Care and treatment must only be provided with the consent of the person you support.
This area of CQC inspection looks at how you manage and support people’s consent.
The CQC will want to know how your service is always supporting people to make their own decisions in line with the latest legislation and guidance.
Inducting new staff and refreshing learning is important … but you should also remember to check staff understanding and assess their confidence. Discussions in one-to-ones, team meetings and when shadowing colleagues can help.
Your managers should have a deeper understanding of consent, enabling them to respond to escalated issues from the staff team.
The regular monitoring of people’s mental capacity and associated assessments is important, as well as recording this information.
Where people lack capacity, best interest decisions may need to be made on their behalf.
The inspection may also focus on awareness and understanding of people’s liberty safeguards.
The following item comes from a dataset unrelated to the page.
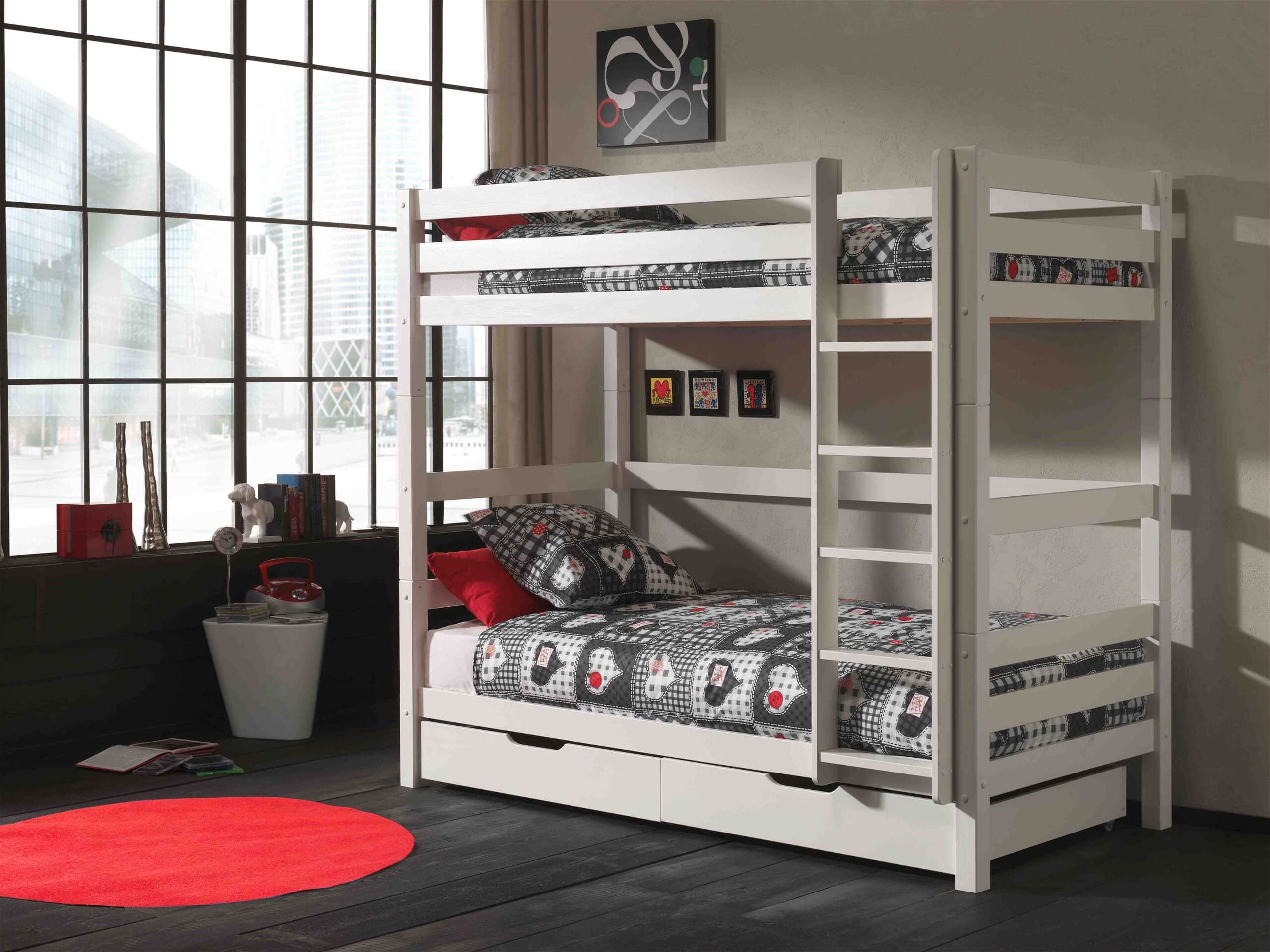Dit PINO stapelbed is wit gelakt en vervaardigd uit massief Scandinavisch grenen hout. Het bed heeft een hoogte van 180 cm. De ladder kan gemonteerd worden aan de linker- en rechterzijde. De lattenbodem is inclusief en is geschikt voor een matras van 90 x 200 cm. Bij deze combinatie zijn 2 opberglades inbegrepen.

CQC inspectors will seek to interview people, their family, friends, and advocates when looking at consent.
Documented evidence may be asked for, including:
- Consent to care and treatment records
- Records of assessments of mental capacity
- Best interests decision-making records
- DoLS application forms
- Do Not Attempt CPR ‘notices’ in files
- …and associated policies and procedures.
Outstanding services excel at involving people, even where a disability or other impairments could make this very difficult. Any restrictions will be kept in constant review and only used where absolutely necessary.
Some of the reasons why services do not meet this area of inspection include inconsistency of approach. These services may not always try to involve people in decisions, making them on their behalf and not always in their best interest.